It's only boring if you allow it to be. And yes I believe they dress the same way at their places of employment, or so I am led to believe.
I irritate the leader Bobby. I call him Robert just to be a shit.
Chris and I have hit it off which also annoys Robert. I believe that this whole extra attention has made Chris curious as to why I would be interested in her.
(She's amazing HOT)
Anyway she has started reaching out to me more and more.
I started this thread just to see if this was a thing or just something isolated to Chicago.
Ha, awesome. i think it's hilarious that you call the leader "Robert" instead of "Bobby." To me, that sort of emphasizes the unrealness of what they are doing. It seems to me that if one really does identify as androgynous, your asserting otherwise would just cause them to roll their eyes at your 'ignorance' vs being annoyed because you are not affirming them.

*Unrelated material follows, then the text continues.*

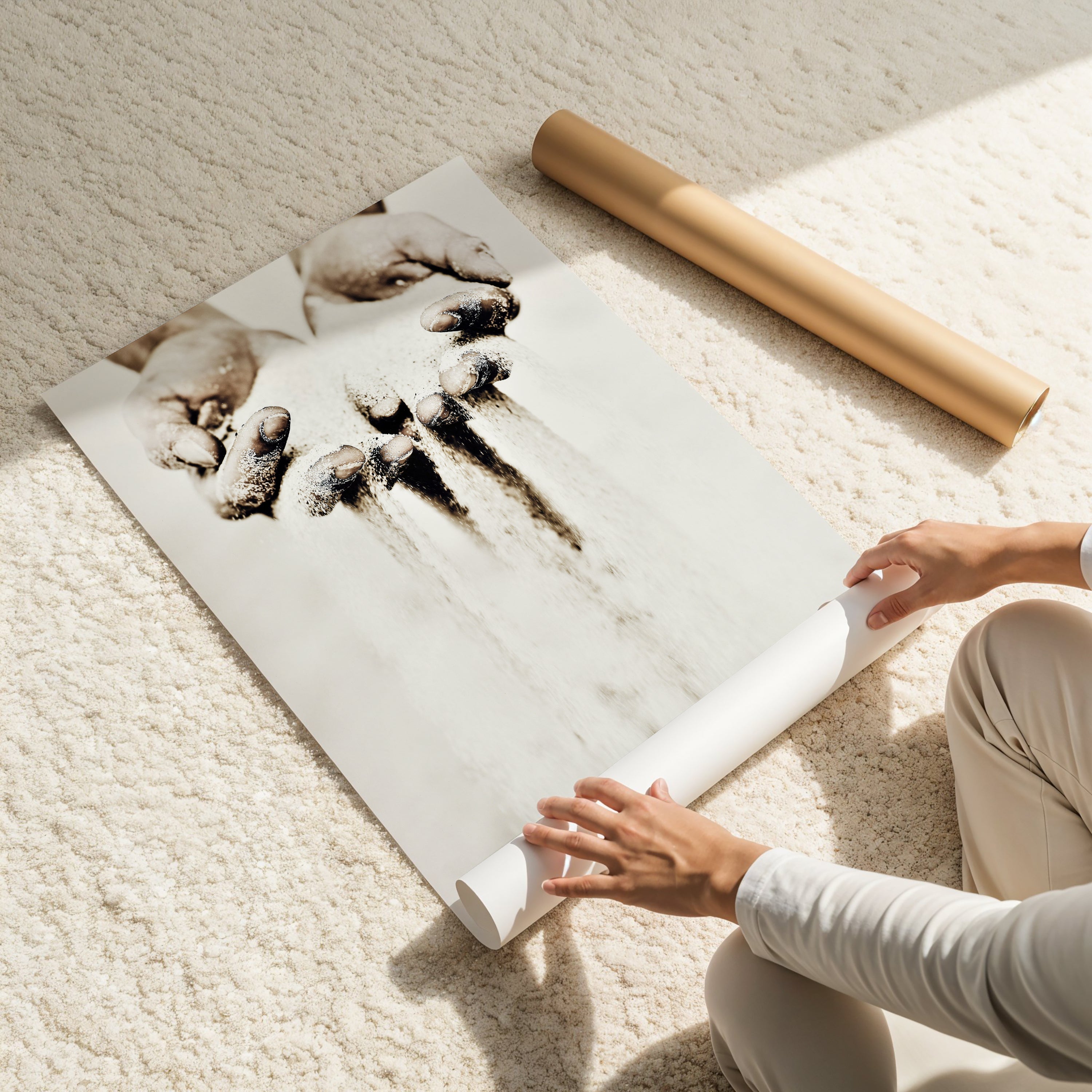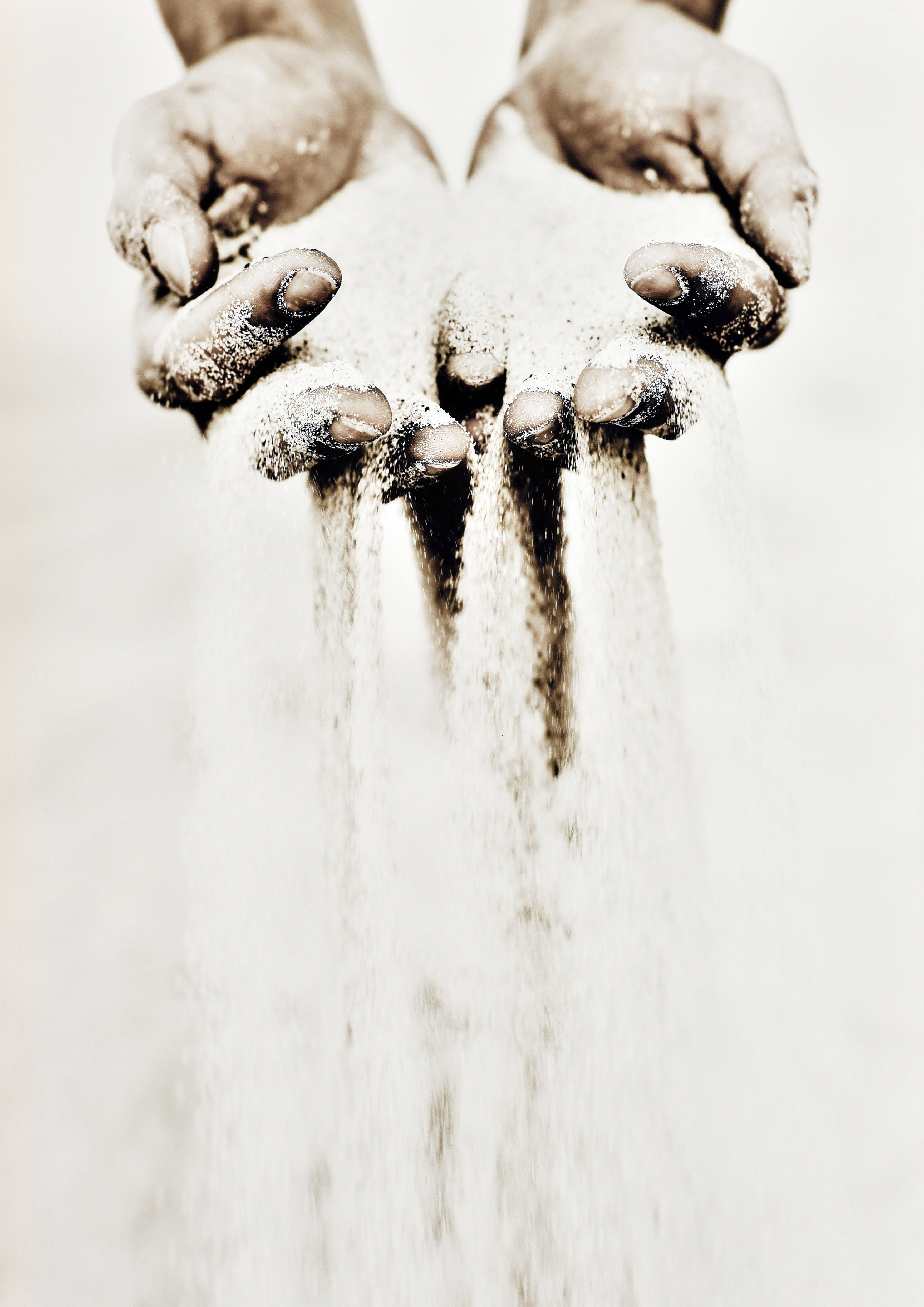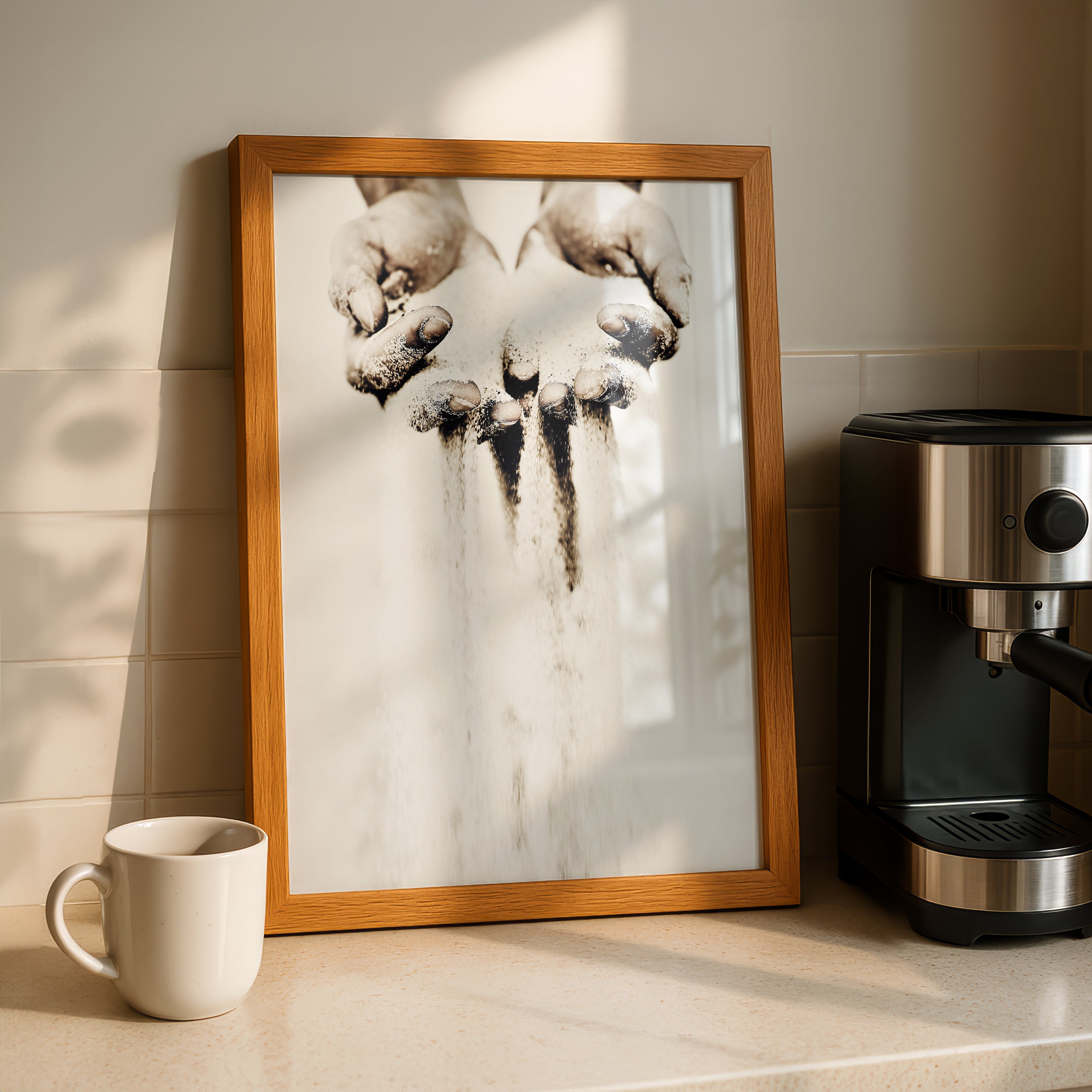 Time Slips Away is a striking photographic artwork capturing a pair of hands releasing sand, symbolising the fleeting nature of time. The falling grains evoke themes of impermanence, memory, and the delicate balance of holding on versus letting go. Its minimal palette of soft neutrals and earthy tones adds to the contemplative, almost meditative quality of the piece.

When i think of androgynous, i am more inclined to think something along the lines of Victor/Victoria, a fluidity of both? i had a crush on one of the doctors who worked at the hospital where i worked, i found him cute and was attracted for reasons i couldn't necessarily pinpoint. One day i returned to work and he was a she. She is transgender and identifies as a woman, but prior to her (coming out?), she presented as male.
i had to laugh at myself and the situation. i'm a gay guy, and bottom who becomes sub with certain kinds of guys. i'm not attracted to women who are obviously or overtly women... but on more than one occasion, i have discovered the guy i was attracted too was a FtM transgender. Another is attraction to Guys who identify as "Total Top" but present as "she male." i guess a sub category of guys who present as women, but still identify as Tops, but guys who want to look like women? i'm not sure the psychological make up, i've never had the opportunity to be in relationship with such a person, but did date a FtM transgender person, that was a wonderful experience.
All that to say that androgyny to me is more of a mysterious presentation where i'm surprised to learn the person wasn't the sex i thought they were.